I've noticed bmwconfig.com is using the USA MSRP price for their options pricing instead of European invoice prices on the F30.

I was wondering if there was a resource or general guide/rule that would give the invoice price?

I'm getting my RIZZO Method Fax sheet ready and want to make sure my option prices are at the Euro Invoice price.

Thanks.


----------



## dencoop (Aug 17, 2005)

myn said:


> I've noticed bmwconfig.com is using the USA MSRP price for their options pricing instead of European invoice prices on the F30.
> 
> I was wondering if there was a resource or general guide/rule that would give the invoice price?
> 
> ...


Simply take the US total MSRP then times that by .93 and then times the result by .93 again and you will get to within a few hundred of the ED Invoice.


----------



## 3ismagic# (Mar 17, 2011)

Options are .91 of US Msrp


----------



## palermo22 (Jan 3, 2012)

myn said:


> I've noticed bmwconfig.com is using the USA MSRP price for their options pricing instead of European invoice prices on the F30.
> 
> I was wondering if there was a resource or general guide/rule that would give the invoice price?
> 
> ...


Maybe I am not quite understanding the question but when I go to BMWconfig.com - and go to either USA or ED - it gives both the MSRP and the invoice prices.


----------



## palermo22 (Jan 3, 2012)

dencoop said:


> Simply take the US total MSRP then times that by .93 and then times the result by .93 again and you will get to within a few hundred of the ED Invoice.

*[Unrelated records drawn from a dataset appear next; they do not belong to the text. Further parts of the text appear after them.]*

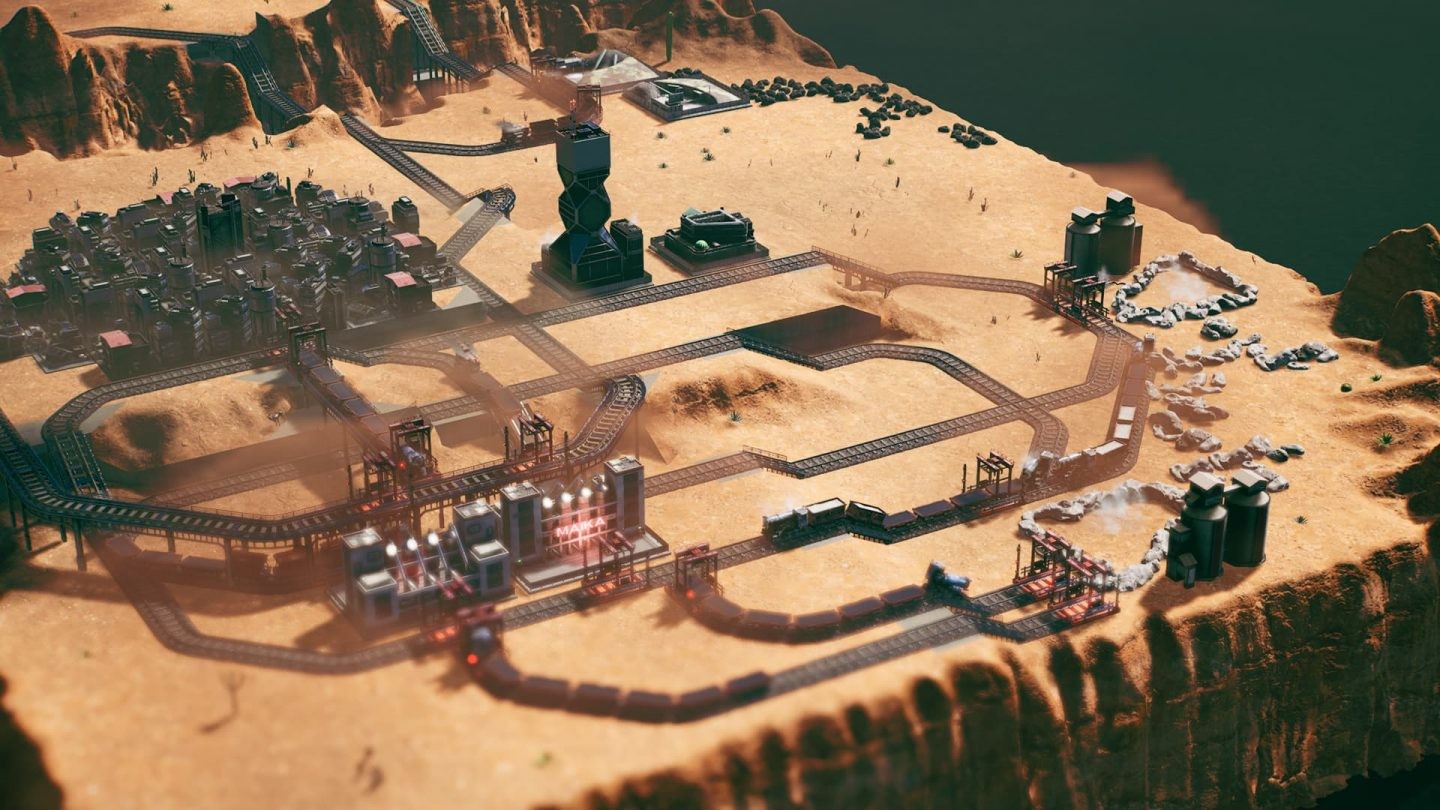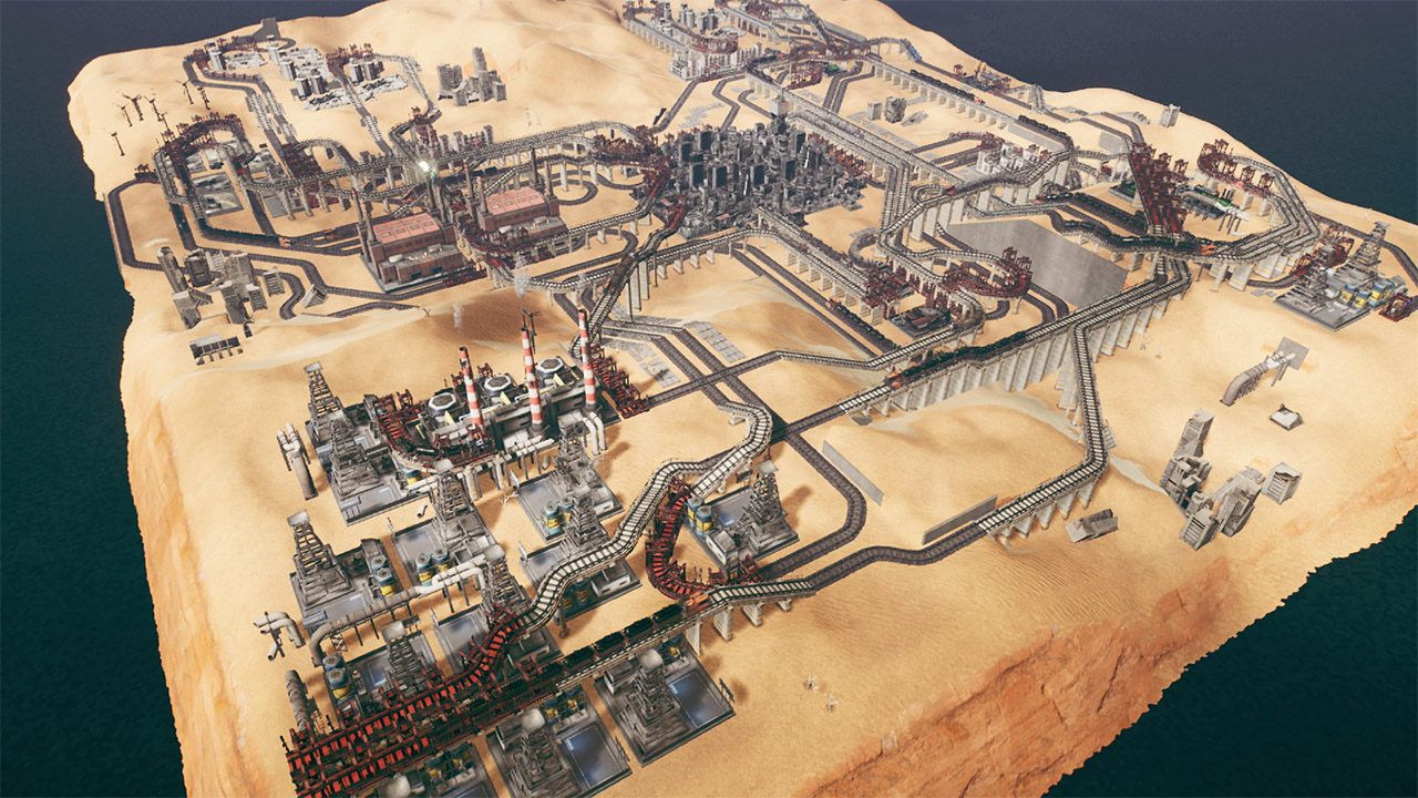 Optimise your train set-up and place tracks strategically to navigate challenging environmental terrain and create the most effective delivery route possible. Control the flow of resource production through careful management of inputs and outputs. Watch out for bottlenecks to keep trains and their precious cargo moving. Invest in the growth of your cities, or use zeppelins to export goods for extra profit. Admire your fleet of trains with the cinematic view mode. Help restore prosperity to an industrial colony across a single player campaign with over 50 missions. Spend tokens awarded by each mission and use them to unlock new industries, upgrades and options. Challenge yourself in bonus side missions. Explore arid deserts in search of oil supplies, or develop a rocket launch program. Show off your most impressive railway setups with a photo mode that includes a variety of filters and visual options.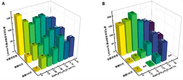 用磷酸三鈉12水合物(Na3PO4·12H2O)在活性炭上進(jìn)行類似的實(shí)驗(yàn),活性炭失活后干燥。實(shí)驗(yàn)在11.03wt.%的濃度下進(jìn)行,相當(dāng)于4.00wt.%的NaH2PO4·H2O的摩爾當(dāng)量。很明顯,磷酸三鈉在抑制衰老方面并不有效。經(jīng)過3個(gè)月的加速失活,保護(hù)值甚至低于未改性的活性炭。然而,Na3PO4·12H2的效率可能會(huì)降低如果在酸性環(huán)境中或與酸或酸性化合物一起添加,效果會(huì)更好。這是因?yàn)樗嵝詶l件可以向磷酸鹽提供質(zhì)子,導(dǎo)致磷酸鈉有效地充當(dāng)Na2HPO4或NaH2PO4?傮w而言,結(jié)果表明,在由磷酸及其三種鈉鹽組成的磷酸鹽添加劑中,一元鹽NaH2PO4·H2O是抑制失活最有效的添加劑。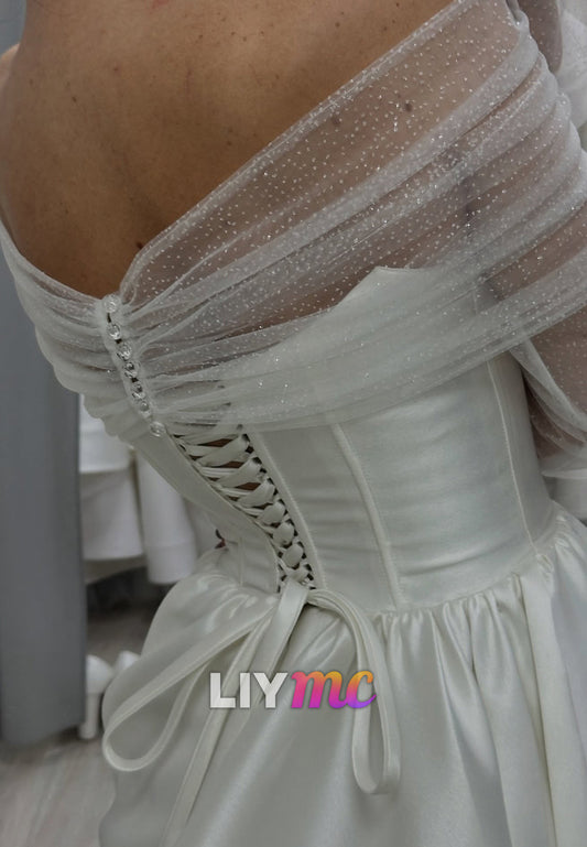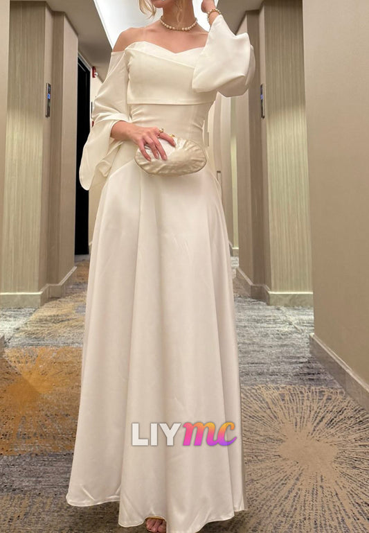 Off-Shoulder Long Sleeves Satin A-Line Simple Wedding Dress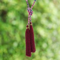 Agate Beaded Lariat Necklace in Dark Red from Thailand 'Festive Holiday in Dark Red' Item ID: 2671800842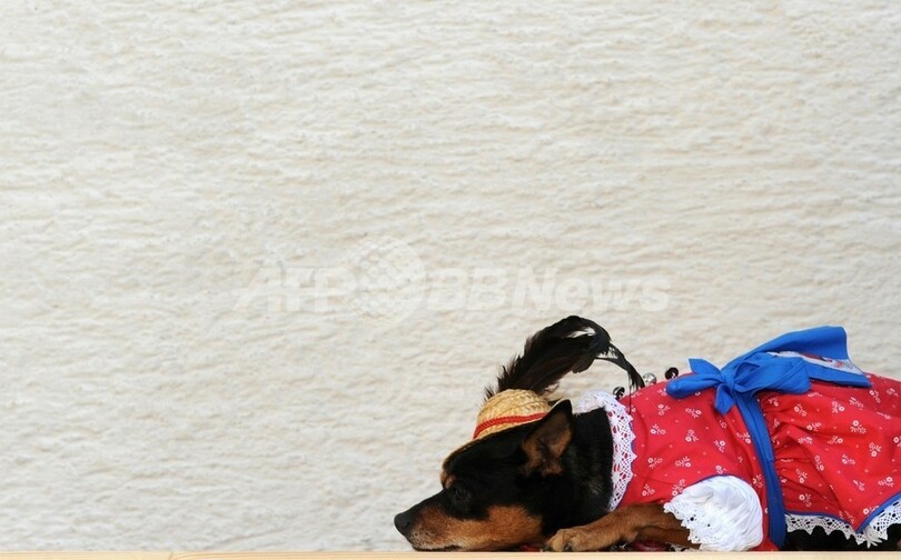 写真は独南部ハイリンク(Hailing)で、バイエルン風犬用ウェアを着る飼い犬のチワワ(2010年10月12日撮影)。(c)AFP/CHRISTOF STACHE

So are you saying that if I come up with an MSRP of $46,000 for USA delivery - if I take that amount and multiply it by a factor of .93 twice ($39785) - that would be the ED invoice? So if a dealer charged me $500 over invoice then I would pay approximately $40,300???


----------



## divz (Jan 18, 2012)

My dealer just gave me 7% off the US total MSRP. But if the .93 rule stated above is correct, I'm paying way over the ED invoice grrrr


----------



## 3ismagic# (Mar 17, 2011)

divz said:


> My dealer just gave me 7% off the US total MSRP. But if the .93 rule stated above is correct, I'm paying way over the ED invoice grrrr


Yes you are over paying.

From what seems to be the experience of festers from Houston, the dealers there are terrible when it comes to ED pricing.


----------



## gator15 (Jan 6, 2012)

From my understanding, ED pricing is quite simple on bmwconfig. The discount for ED is two-fold. First you get a discount on the base price of the vehicle. For example, the base invoice price for 328i US delivery is $32,110, whereas the base invoice price for ED is $29,905. Having just ordered my F30 for ED, this price is correct. Options are not discounted for ED. However, the second part of the discount is that most dealers (at least the sponsors here) are willing to give you invoice pricing on those options for ED. So therefore, you get your discounts for ED by 1) paying a lower base price and 2) getting your options at invoice pricing. The numbers on bmwconfig.com for the options are very accurate, I only found one to be $5 off. So, therefore, to calculate your price, go to bmwconfig, select Euro delivery, select the options you want, and you will come up with a pretty accurate price.


----------



## myn (Jan 4, 2007)

Should the USA and European Delivery Prices be the same then?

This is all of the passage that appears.